WHAT TO DO
Reproduce all the data exactly, without pictures.

SUPPLIED MATERIAL
_ _ _

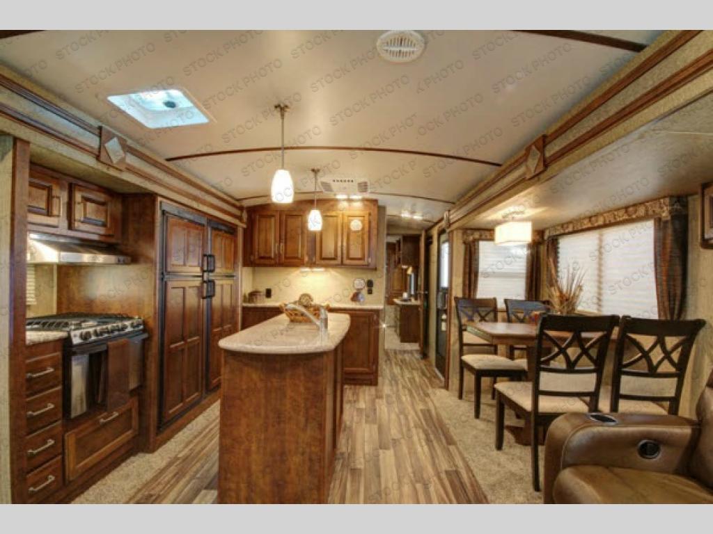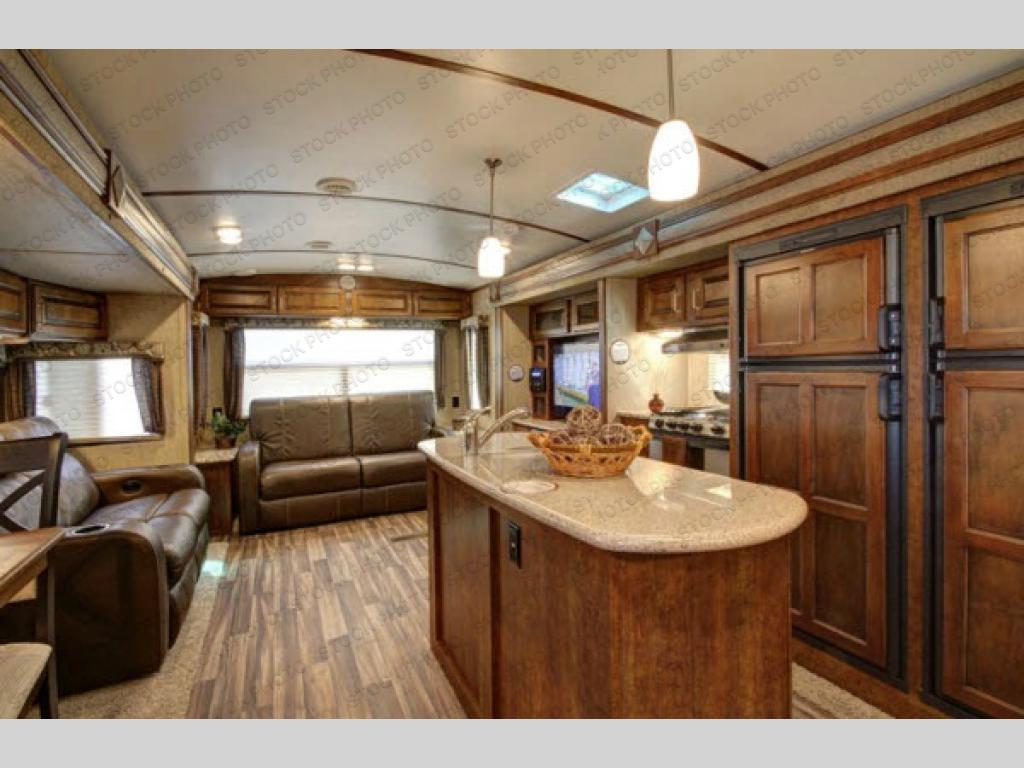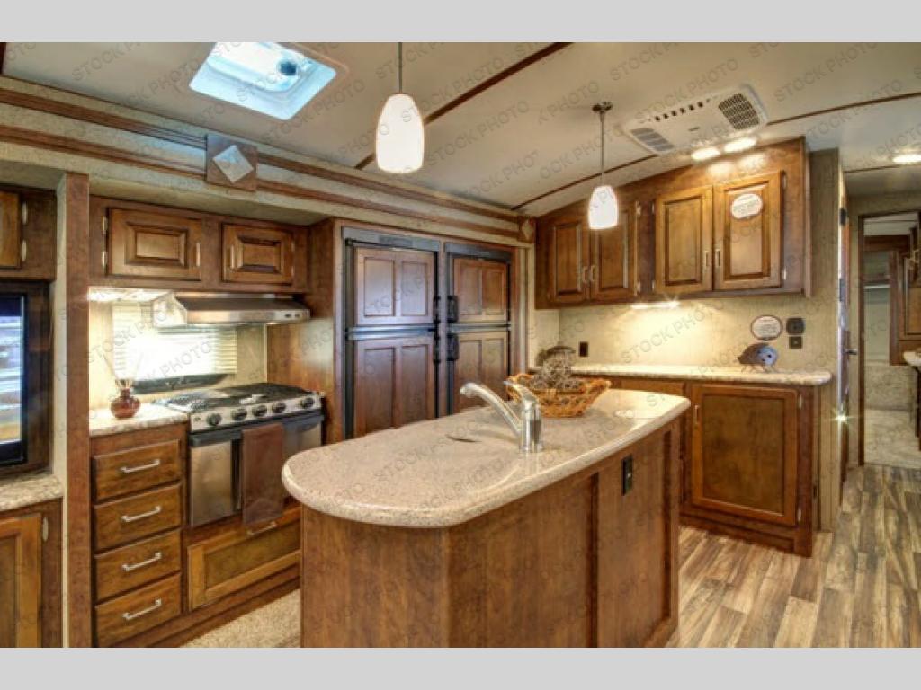 The slide opposite has TWO refrigerators, a three burner range, overhead cabinets, and an entertainment center. Along the rear wall there is a sofa sleeper with end tables and more overhead storage. In the middle of the kitchen you will find an island with a kitchen sink and extra counter and storage space. Straight in from the entry door you can store your dry goods in the large pantry along the interior wall.
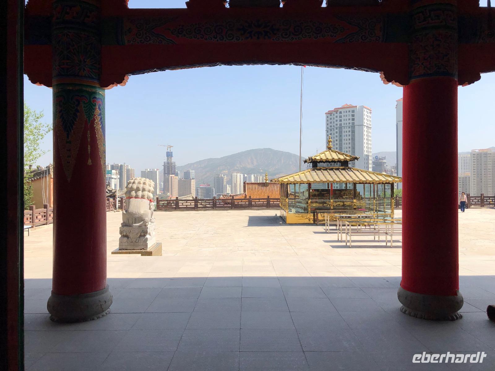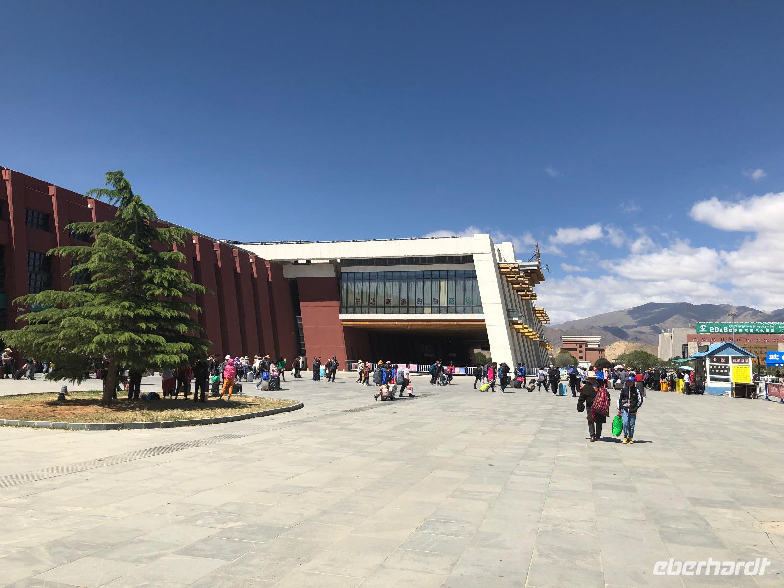 Heute hieß es Abschied nehmen von Peking und das schon sehr zeitig am Morgen. Unser Flug ins zentralchinesische Xining ging um 06.40 Uhr, so dass wir bereits um vier Uhr morgens unser Hotel verließen. Am Flughafen verabschiedeten wir unseren Reiseleiter "Martin" und stiegen pünktlich in die bereitstehende Maschine von Air China. Nach etwas über zwei Stunden ruhigen Fluges landeten wir in der 2-Millionen-Metropole Xining, dem Ausgangspunkt unseres Zugabenteuers mit der Tibet-Bahn. Wir wurden herzlich von unserem örtlichen Reiseleiter „Udo" begrüßt, welcher mit uns eine kurze Stadtrundfahrt unternahm, bevor wir den Buddhistentempel Nau Chan besichtigten. Der Tempel lag an einem Hang etwas oberhalb der Stadt, weswegen man von hier aus einen großartigen Blick auf Xining hatte. Nach einem kleinen Mittagessen und einem Zwischenstopp in einem Supermarkt, wo wir uns mit Proviant für die Zugfahrt eindeckten, ging es zum Bahnhof, wo wir in den Lhasa-Express einstiegen, welcher uns in knapp einundzwanzigstündiger Fahrt in die Tibetische Hauptstadt bringen sollte. Der Zug war, wie nicht anders zu erwarten, ausgebucht. Immerhin war es nach dem Flugzeug die zweitbeste Möglichkeit, in angemessener Zeit nach Lhasa zu gelangen. Darüber hinaus handelte es sich auch noch um die höchstgelegene Eisenbahnstrecke der Welt, was einer gewissen Faszination nicht nur bei Eisenbahnfreunden Vorschub leistete. Auch wenn wir in Abteilen der 1. Klasse untergebracht waren, merkten wir doch recht schnell, dass ein Bett in einem Eisenbahnabteil kein Hotelzimmer ersetzen konnte und die sanitären Gegebenheiten einer Dauernutzung, wie leider in einem Zug an der Tagesordnung, nicht gewachsen waren. Mit jedem zurückgelegten Kilometer kam die ansteigende Höhe hinzu, was bei Einigen zu Kopfschmerzen und Unwohlsein führte. Und dass, obwohl den Abteilen Extra-Sauerstoff zugeführt wurde. Die vorbeiziehende karge Landschaft des Tibetischen Hochplateaus, mit ihren Yak- und Schafherden, den einzelnen Gehöften und der allgegenwärtigen Bautätigkeit entschädigte dafür in vielerlei Hinsicht. Mit dem Hereinbrechen der Dunkelheit ließen wir uns dann vom monotonen Geräusch des Zuges in den Schlaf wiegen.
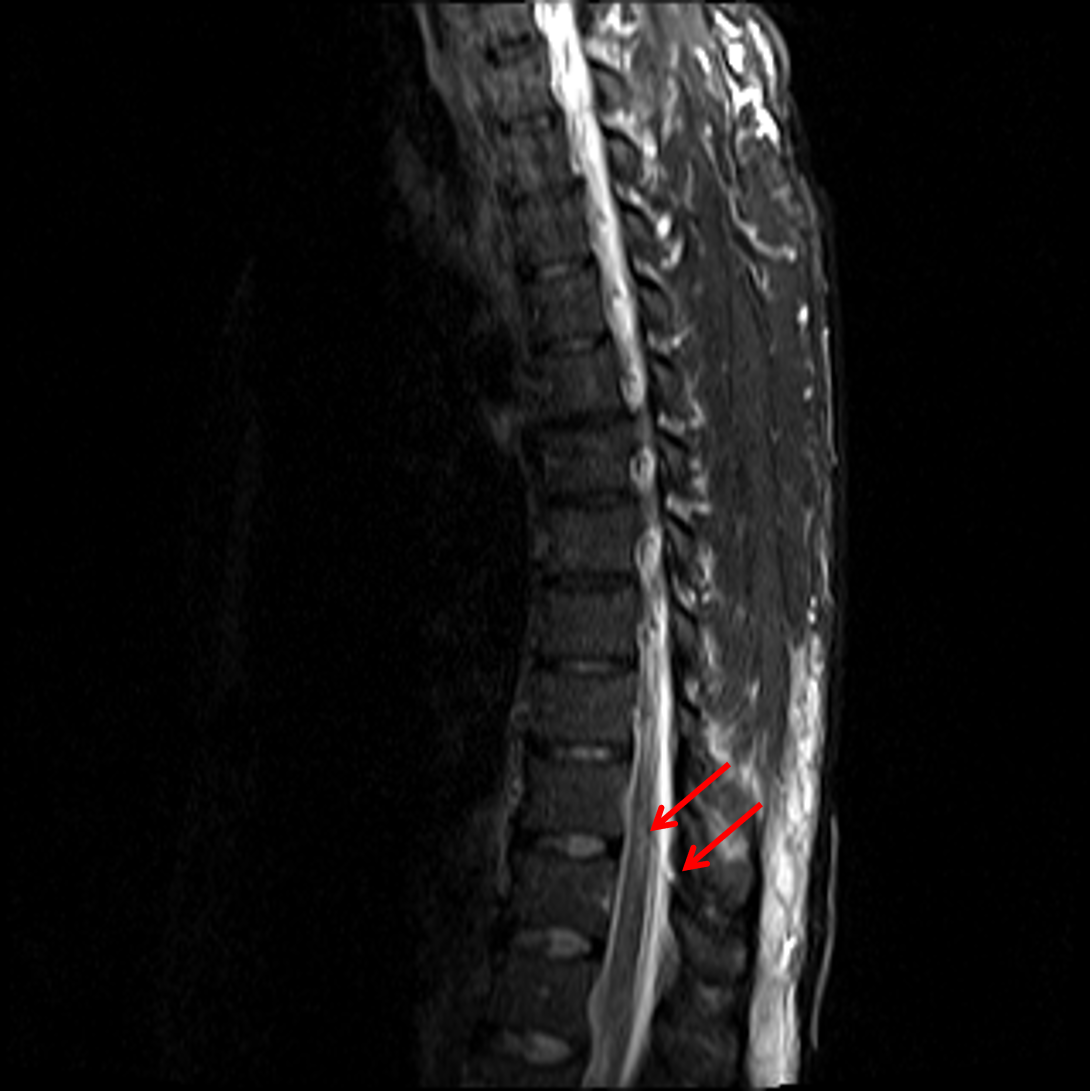 Sample ReportT2/STIR signal hyperintensity in the posterior paraspinal soft tissues on the left at the level of T11-T12 consistent with reported history of stab wound. A linear area of T2/STIR hyperintensity extends from this area into the left aspect of the spinal cord at the level of T10-T11, which raises concern for dural laceration and cord contusion/laceration.
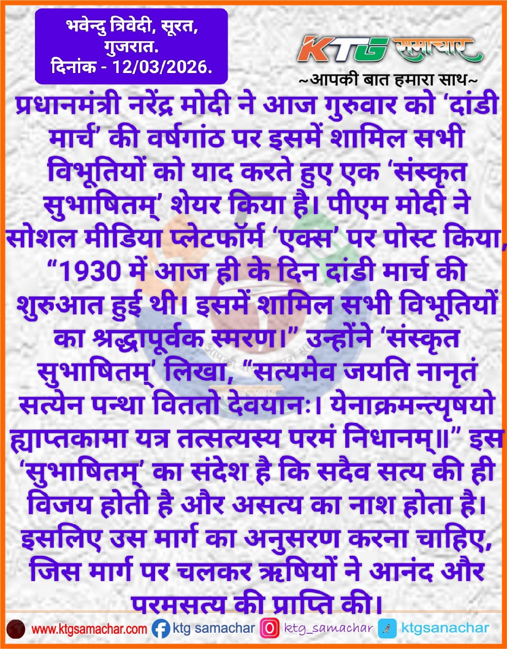 प्रधानमंत्री नरेंद्र मोदी ने सोशल मीडिया प्लेटफार्म पर पोस्ट किया "1930 में आज ही के दिन दांडी मार्च की शुरुआत हुई थी।"

_ _ _

TASK ANSWER
 The slide opposite has TWO refrigerators, a three burner range, overhead cabinets, and an entertainment center. Along the rear wall there is a sofa sleeper with end tables and more overhead storage. In the middle of the kitchen you will find an island with a kitchen sink and extra counter and storage space. Straight in from the entry door you can store your dry goods in the large pantry along the interior wall.
 Heute hieß es Abschied nehmen von Peking und das schon sehr zeitig am Morgen. Unser Flug ins zentralchinesische Xining ging um 06.40 Uhr, so dass wir bereits um vier Uhr morgens unser Hotel verließen. Am Flughafen verabschiedeten wir unseren Reiseleiter "Martin" und stiegen pünktlich in die bereitstehende Maschine von Air China. Nach etwas über zwei Stunden ruhigen Fluges landeten wir in der 2-Millionen-Metropole Xining, dem Ausgangspunkt unseres Zugabenteuers mit der Tibet-Bahn. Wir wurden herzlich von unserem örtlichen Reiseleiter „Udo" begrüßt, welcher mit uns eine kurze Stadtrundfahrt unternahm, bevor wir den Buddhistentempel Nau Chan besichtigten. Der Tempel lag an einem Hang etwas oberhalb der Stadt, weswegen man von hier aus einen großartigen Blick auf Xining hatte. Nach einem kleinen Mittagessen und einem Zwischenstopp in einem Supermarkt, wo wir uns mit Proviant für die Zugfahrt eindeckten, ging es zum Bahnhof, wo wir in den Lhasa-Express einstiegen, welcher uns in knapp einundzwanzigstündiger Fahrt in die Tibetische Hauptstadt bringen sollte. Der Zug war, wie nicht anders zu erwarten, ausgebucht. Immerhin war es nach dem Flugzeug die zweitbeste Möglichkeit, in angemessener Zeit nach Lhasa zu gelangen. Darüber hinaus handelte es sich auch noch um die höchstgelegene Eisenbahnstrecke der Welt, was einer gewissen Faszination nicht nur bei Eisenbahnfreunden Vorschub leistete. Auch wenn wir in Abteilen der 1. Klasse untergebracht waren, merkten wir doch recht schnell, dass ein Bett in einem Eisenbahnabteil kein Hotelzimmer ersetzen konnte und die sanitären Gegebenheiten einer Dauernutzung, wie leider in einem Zug an der Tagesordnung, nicht gewachsen waren. Mit jedem zurückgelegten Kilometer kam die ansteigende Höhe hinzu, was bei Einigen zu Kopfschmerzen und Unwohlsein führte. Und dass, obwohl den Abteilen Extra-Sauerstoff zugeführt wurde. Die vorbeiziehende karge Landschaft des Tibetischen Hochplateaus, mit ihren Yak- und Schafherden, den einzelnen Gehöften und der allgegenwärtigen Bautätigkeit entschädigte dafür in vielerlei Hinsicht. Mit dem Hereinbrechen der Dunkelheit ließen wir uns dann vom monotonen Geräusch des Zuges in den Schlaf wiegen.
 Sample ReportT2/STIR signal hyperintensity in the posterior paraspinal soft tissues on the left at the level of T11-T12 consistent with reported history of stab wound. A linear area of T2/STIR hyperintensity extends from this area into the left aspect of the spinal cord at the level of T10-T11, which raises concern for dural laceration and cord contusion/laceration.
 प्रधानमंत्री नरेंद्र मोदी ने सोशल मीडिया प्लेटफार्म पर पोस्ट किया "1930 में आज ही के दिन दांडी मार्च की शुरुआत हुई थी।"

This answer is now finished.